Ty nie wiesz dlaczego ta dziewczyna Ci się podoba. Dusza wie. Kiedyś byliście razem to łączy. Może jesteście bliźniczymi duszami? kto to wie... ale kiedyś były i były kłopoty, teraz boi się dusza by nie powtórzyło się to. Po prostu twoja dusza (podświadomość) boi się. Nie poradzę nic na to jak pokonać ten strach. Może trochę zrozumienie problemu pomoże..."

 

link do tego wątku:

http://www.ezoforum.pl/potega-podswiadomosci-i-pozytywne-myslenie/29172-podswiadomosc.html

Odnośnik do komentarza
Udostępnij na innych stronach

;-] ciekawe - akurat niesmialosc to jak najbardziej moja przypadlosc i jest to uciazliwe ...raz bardziej mi doskwiera innym staje sie smialy tylko na chwilke ... ciekawe podejscie ze to inne zywoty na to wplywaja zawsze przyczyny bardziej szukalem w dziecinstwie choc juz jako dziecko w sumie to mialem.moja dusza tez cos wie tyle ze narazie milczy lub nie rospoznaje znakow... ogolnie twoje przekonanie o reinkarnacji jest godne uwagi.

Odnośnik do komentarza
Udostępnij na innych stronach

Jak się ma poprzednie życie, do obecnego, jak wpływa? Fragment mojego postu na innym wątku:

"...Nieśmiałość wynika z obciążeń karmicznych. To nie jest przypadłość nastolatków. To ciągnie się z poprzedniego życia, lub jeszcze wcześniejszego żywota.

Zacząć trzeba od tego, że żyjemy wiele razy. Może niektórzy zastanawiają się czy reinkarnacja jest możliwa, ja nie to jest dla mnie pewne. Taka różnica.

Dla przykładu kiedyś dawno, w poprzednim życu ktoś poznał super dziewczynę/kobietę, ale doznał zawodu miłosnego po prostu ucierpiał na tym. To taki "kac" karmiczny. Nie pamiętamy w momencie narodzin kim byliśmy, ale dusza wie. Coś nas ciągnie to tej dziewczyny tej "super idealnej". Ona/on jest rewelacyjna/rewelacyjny. Ideał. Tylko... Gdy staniesz przed Nią/Nim ogarnia twoją duszę strach. Najzwyklejszy paraliżujący strach.

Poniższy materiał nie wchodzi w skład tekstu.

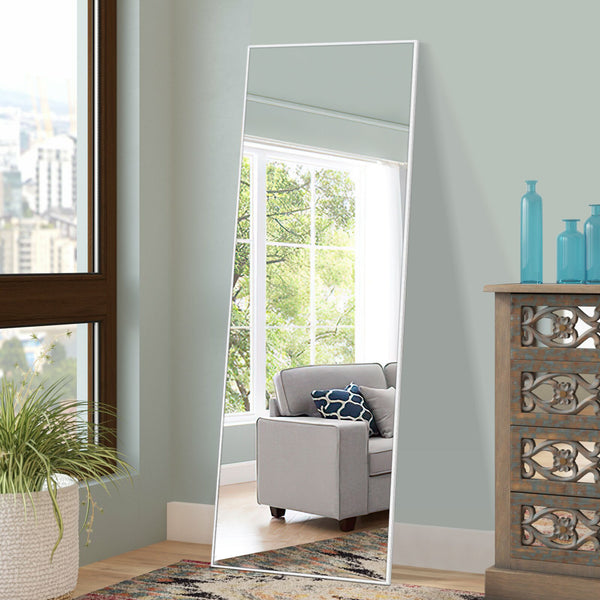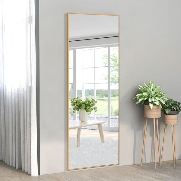 This Freestanding Gold Full length Mirror is the perfect way to add a touch of design and brightness to any room in your home. This rectangular mirror is encased in a thin gold aluminum alloy frame. This giant mirror can be used as an anchor piece in any room and will brighten and make the space seem much bigger instantly. There is a removable black colored stand to help the mirror stand up freely. Use this minimal mirror in your bedroom, your living room, or your entryway without worrying about any clashing colors or decor styles. 64.2" H x 21.3" W x 1.6" D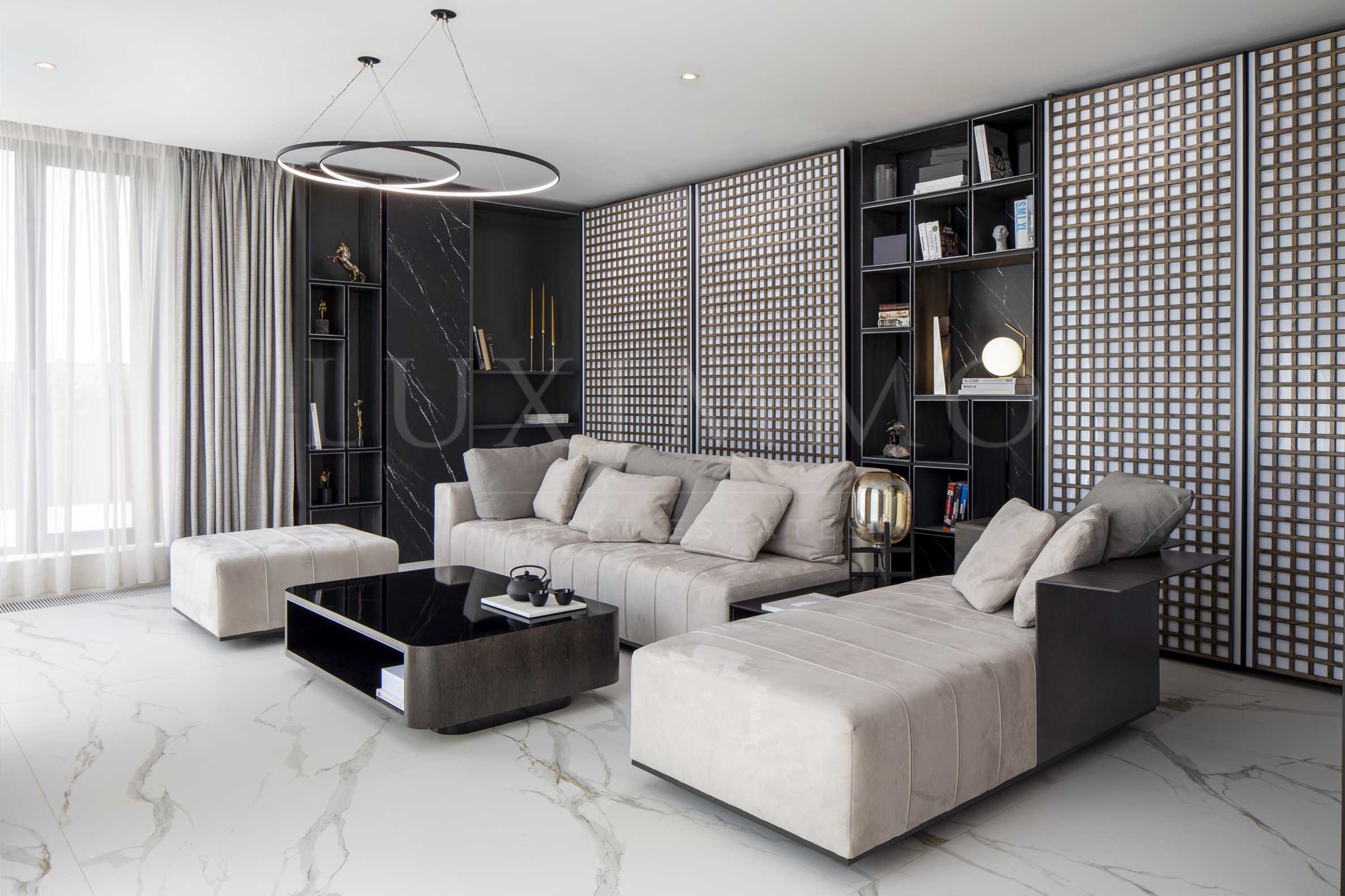 Апартаментът е замислен и проектиран с внимание към най-малкия детайл, като изпълнението му е по индивидуален дизайнерски проект. Предлага се напълно обзаведен с поръчкови и дизайнерски мебели - италианска мека мебел, столове и осветителни тела. Кухнята е оборудвана с уреди на марките Miele, Liebherr и Bosch. Имотът разполага със сауна Harvia, надуваемо джакузи и външен душ.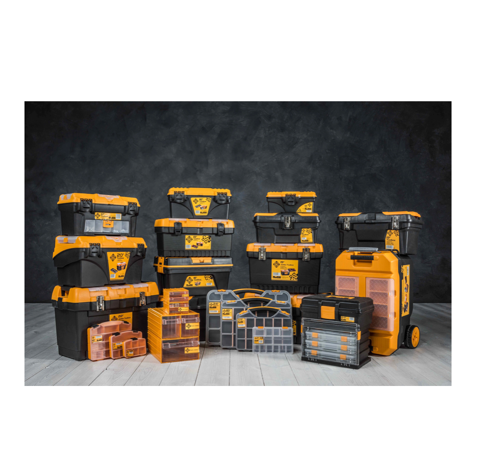 Der neue ORG-13 Organizer von FORTE Tools wurde entwickelt, um Werkstatt und Baustelle näher zusammen zubringen. Kleinteile, Zubehör und Verbrauchsmaterialien sind in den variablen Einsatzboxen sicher verstaut und einfach zu transportieren. Durch den transparenten Deckel haben Sie immer einen guten Überblick über den Inhalt des Organizers. Kleinteile lassen sich durch Einsatzboxen in 18 verschiedenen Größen individuell sortieren. Entdecken Sie jetzt die FORTE Tools Organizer und Werkzeugkoffer - Welt und bringen Sie Ordnung in Ihre Werkstatt!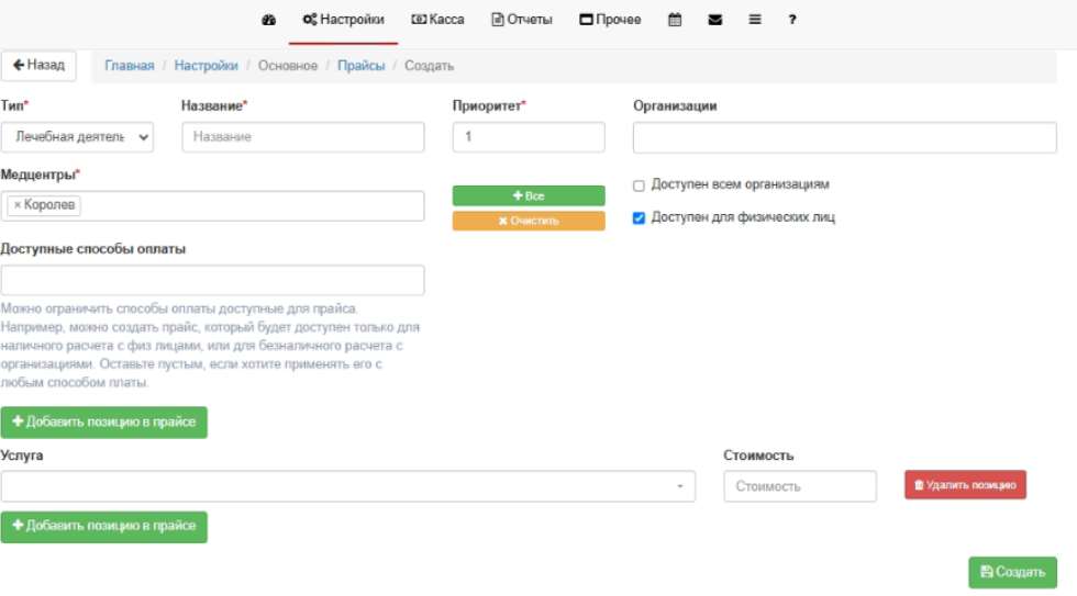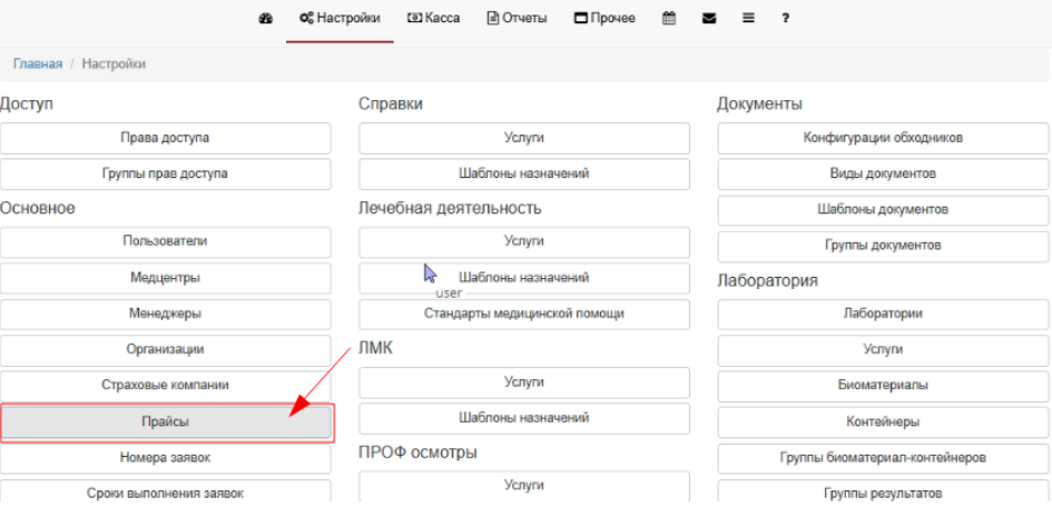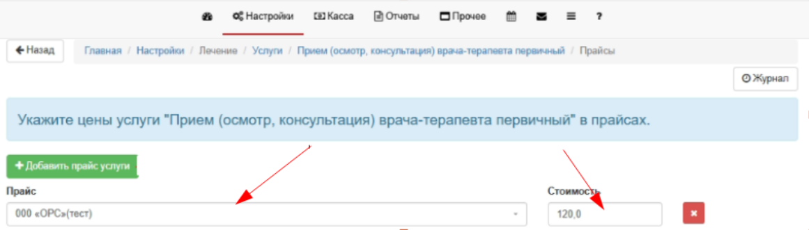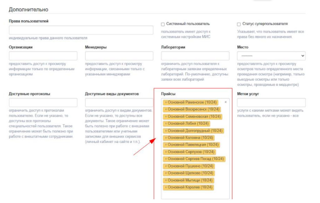 8. В поле «Прайсы» укажите прейскуранты, которые будут выгружаться на портал ПроДокторов.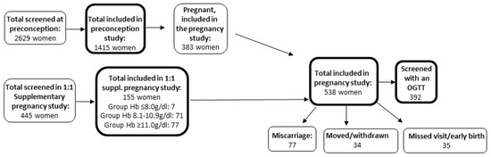 - Hjort, L.; Møller, S.L.; Minja, D.; Msemo, O.; Nielsen, B.B.; Christensen, D.L.; Groop, L. Cohort profile: FOETAL for NCD—Foetal exposure and Epidemiological Transition: The role of Anemia in early Life for Non-Communicable Diseases in later life—A prospective preconception study in rural Tanzania. BMJ Open 2019, 9, e024861. [Google Scholar] [CrossRef] [PubMed]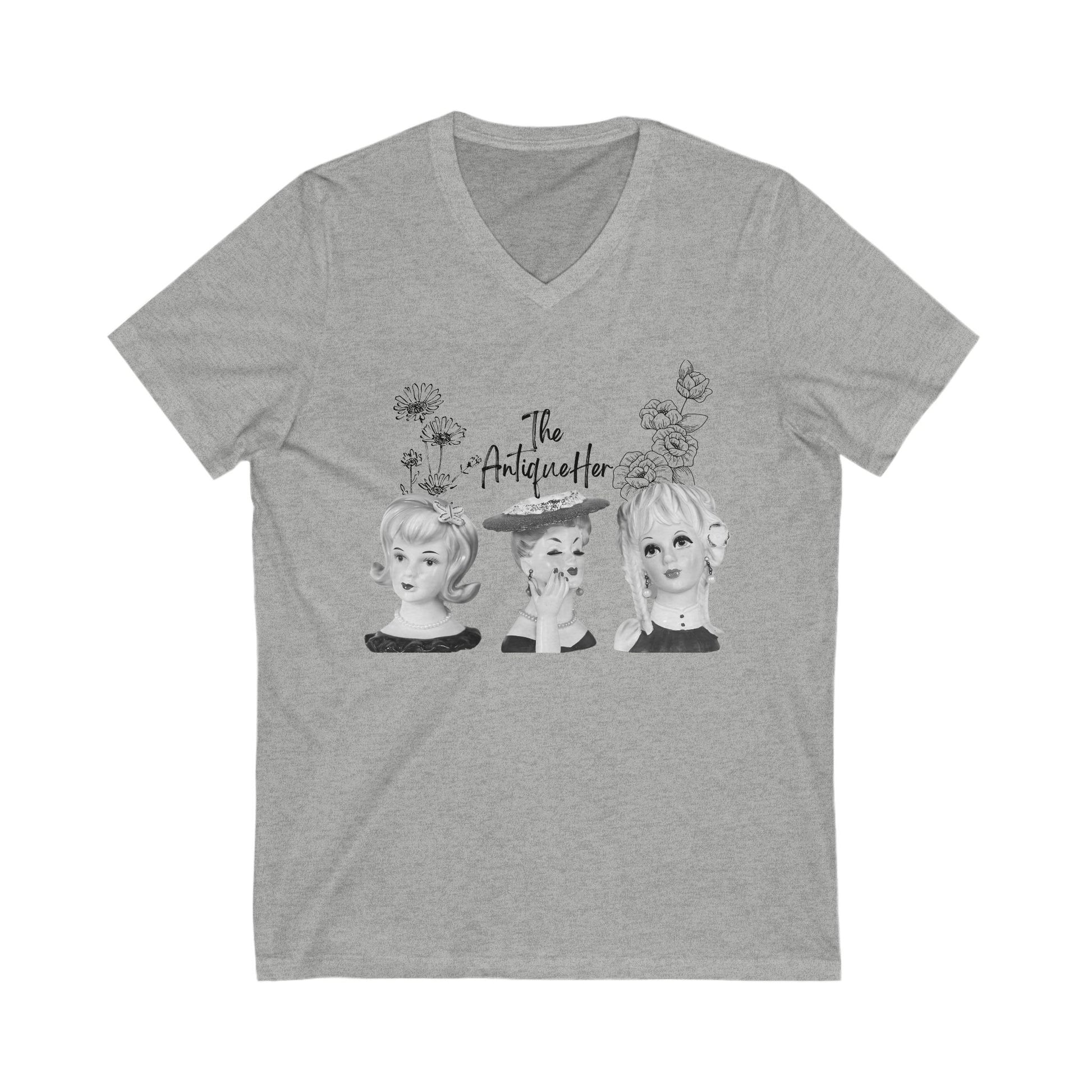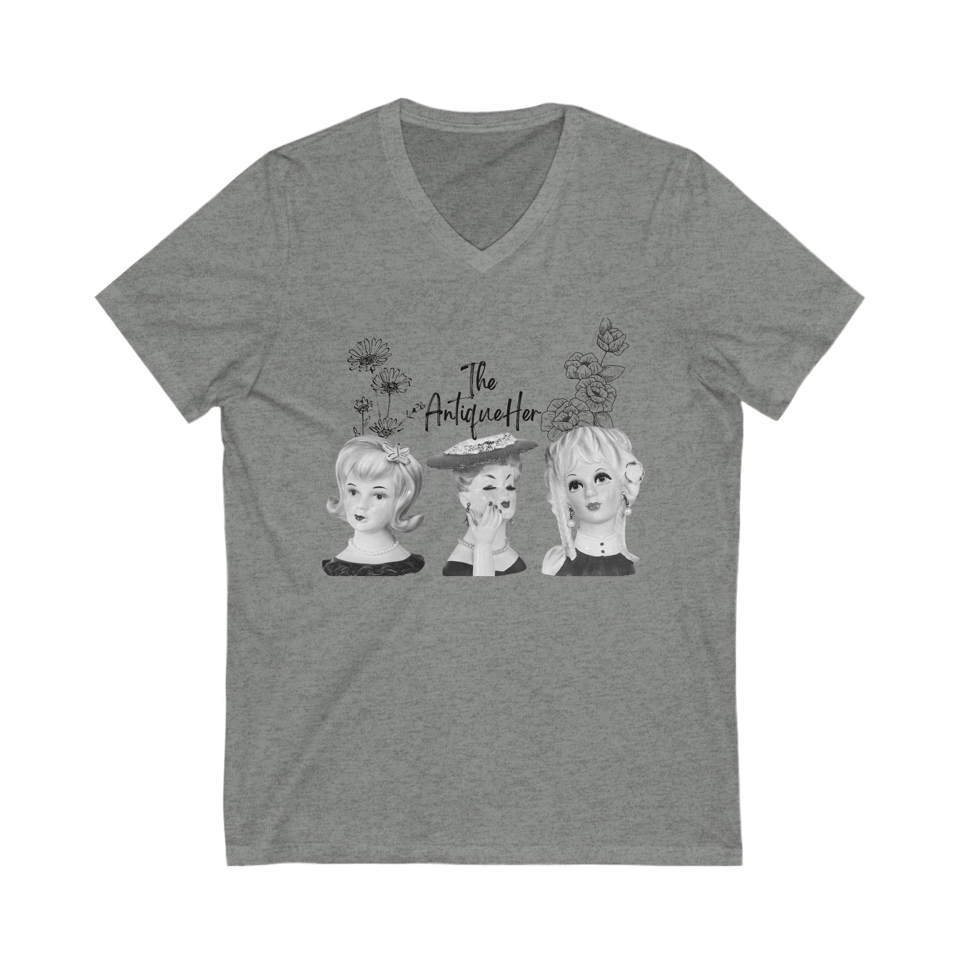 The AntiqueHer Shirt! Beautiful lady head vases and florals decorating a v- neck tee! This soft jersey tee is comfortable enough to wear all day long. The image was created by The AntiqueHer with vintage lady head vases. Perfect shirt for the antique, vintage, retro lover! Please do not iron directly on the image. Please note that this will ship directly from the printer and will ship separately if you order multiple items.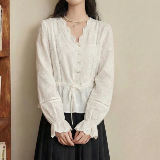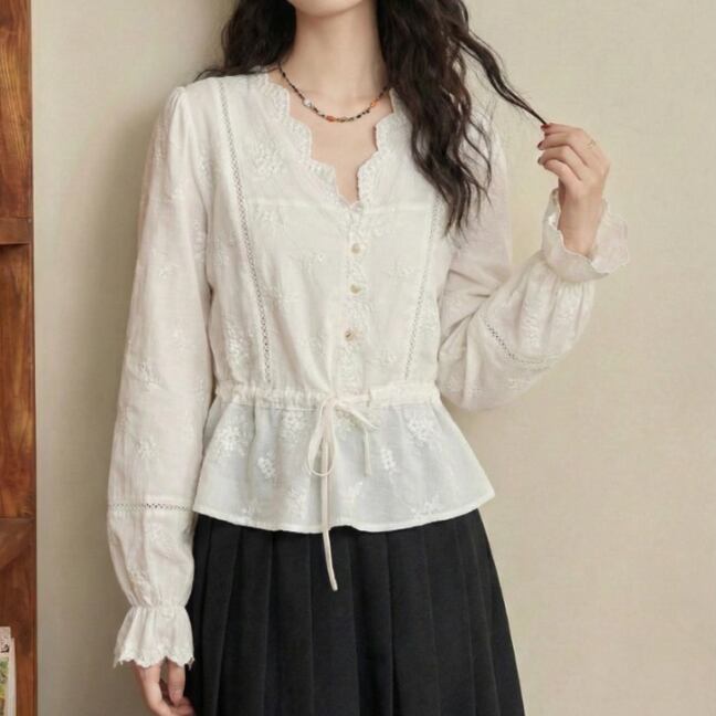 2色/Vネックタックデザインペプラムブラウス ・76114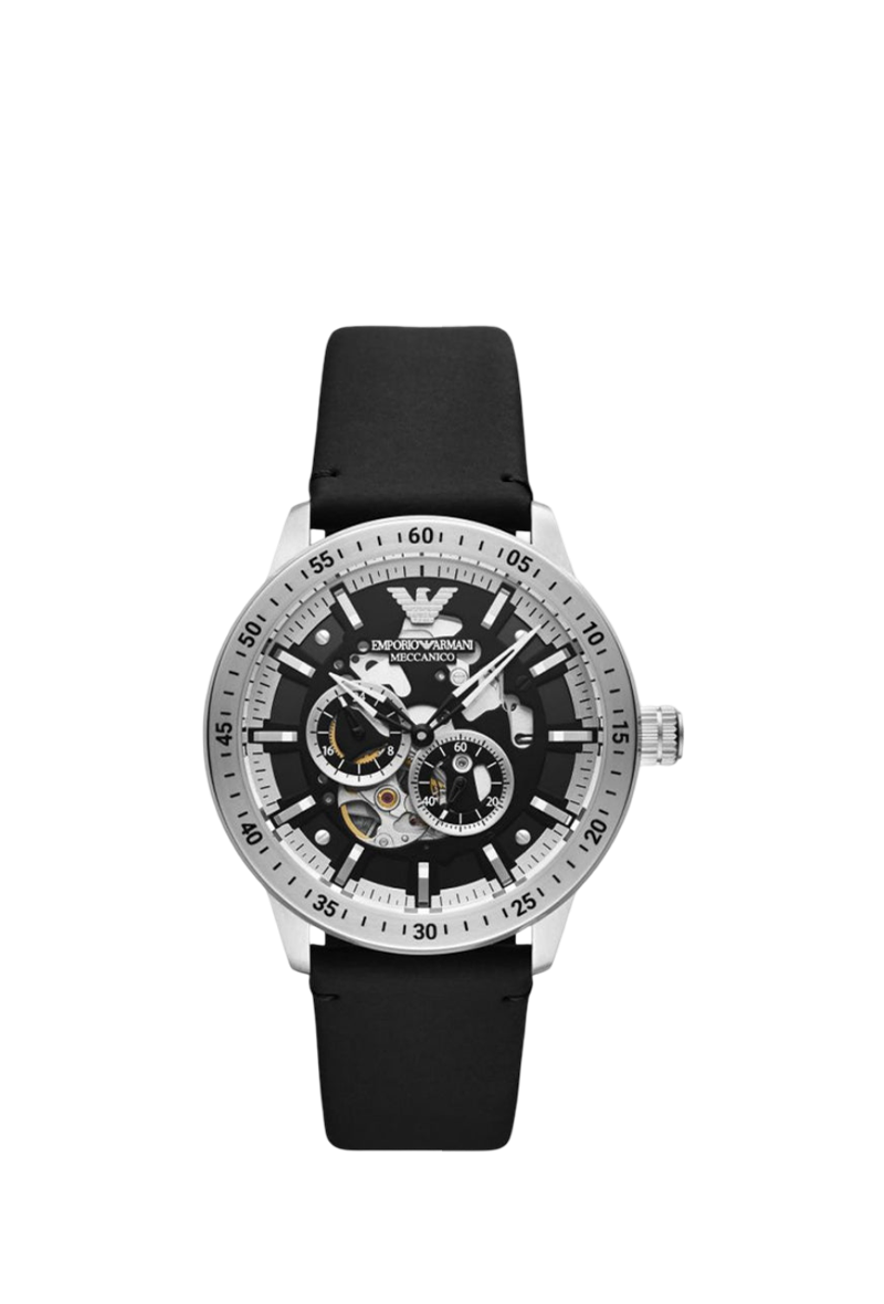 The Emporio Armani Mario AR60051 is a sophisticated men's automatic watch that embodies Giorgio Armani's timeless Italian elegance. Housed in a robust 43mm round stainless steel case with a 13mm thickness, its sleek black dial features luminous hands and applied indices for excellent legibility in any light. The genuine black leather strap with 22mm width offers premium comfort and a refined look at 120 grams. Powered by reliable automatic movement, it provides smooth sweeping seconds and effortless precision without a battery. With 50 meters water resistance, it's suitable for everyday wear. Designed with Armani's minimalist sophistication, this analog timepiece exudes understated luxury and versatility, making it an ideal choice for the modern gentleman who appreciates mechanical craftsmanship, durable style, and classic refinement in a daily essential.
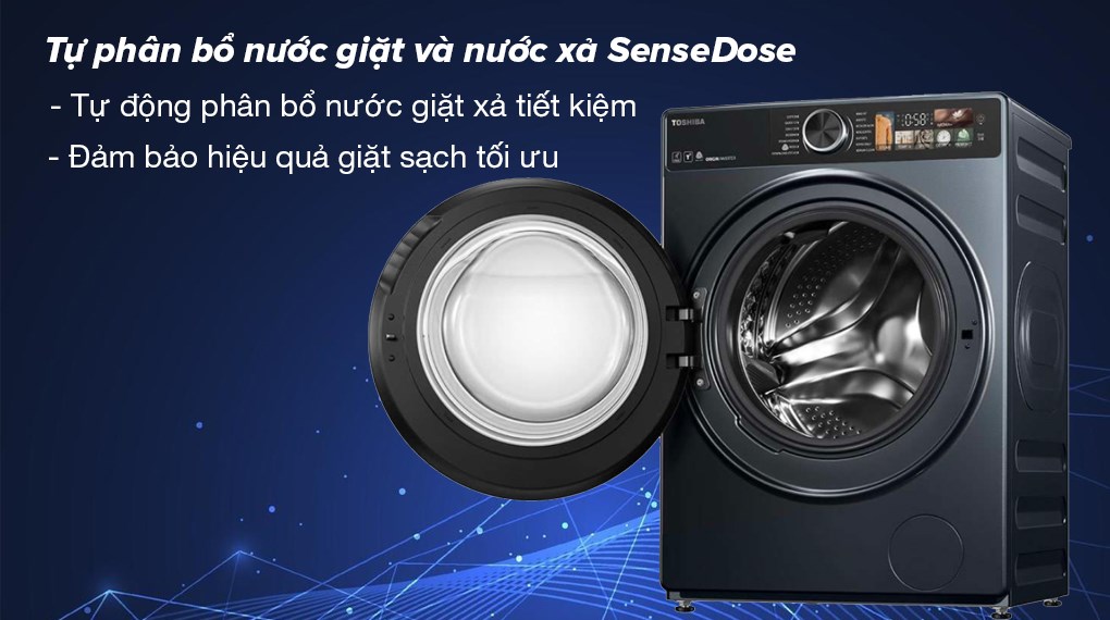 – Tự phân bổ nước giặt và nước xả SenseDose: Thiết kế với 2 ngăn nước giặt và nước xả riêng biệt. Lúc này, máy giặt sẽ dựa vào khối lượng quần áo hiện có trong lồng giặt, để điều chỉnh và sử dụng lượng nước giặt và nước xả phù hợp để mang lại hiệu quả giặt sạch tối ưu.

Ty nie wiesz dlaczego ta dziewczyna Ci się podoba. Dusza wie. Kiedyś byliście razem to łączy. Może jesteście bliźniczymi duszami? kto to wie... ale kiedyś były i były kłopoty, teraz boi się dusza by nie powtórzyło się to. Po prostu twoja dusza (podświadomość) boi się. Nie poradzę nic na to jak pokonać ten strach. Może trochę zrozumienie problemu pomoże..."

 

Wiesz - moim zdaniem to jest już nie tyle teoria co spekulacja. Może najpierw trzeba by sprawdzić dokładnie co przeżyłeś w tym życiu -- doświadczenia, programiki od rodziców, rodzeństwa, kolegów, nauczycieli, mediów itd. Więc jeśli uda Ci się to oczyścić to wtedy możemy porozmawiać czy JEST COŚ JESZCZE.. ok? :P

 

Karma w wersji Njuejdż mnie osobiście wygląda na próbę zrzucenia wszelkiej odpowiedzialności na jakiś zewnętrzny czynnik. Czyli - "nie potrafię znaleźć dziewczyny - nie dlatego że jestem zakompleksionym, nudnym i tępym szczeniakiem tylko dlatego że w poprzednim życiu byłem mnichem" :P

Zresztą duża cześć Njuejdżu to pożywka dla ludzi bez sensu i celu w życiu - jakieś księżniczki Atlantydy, dzieci indyka, medytacje o przemianę wibracji na 2012....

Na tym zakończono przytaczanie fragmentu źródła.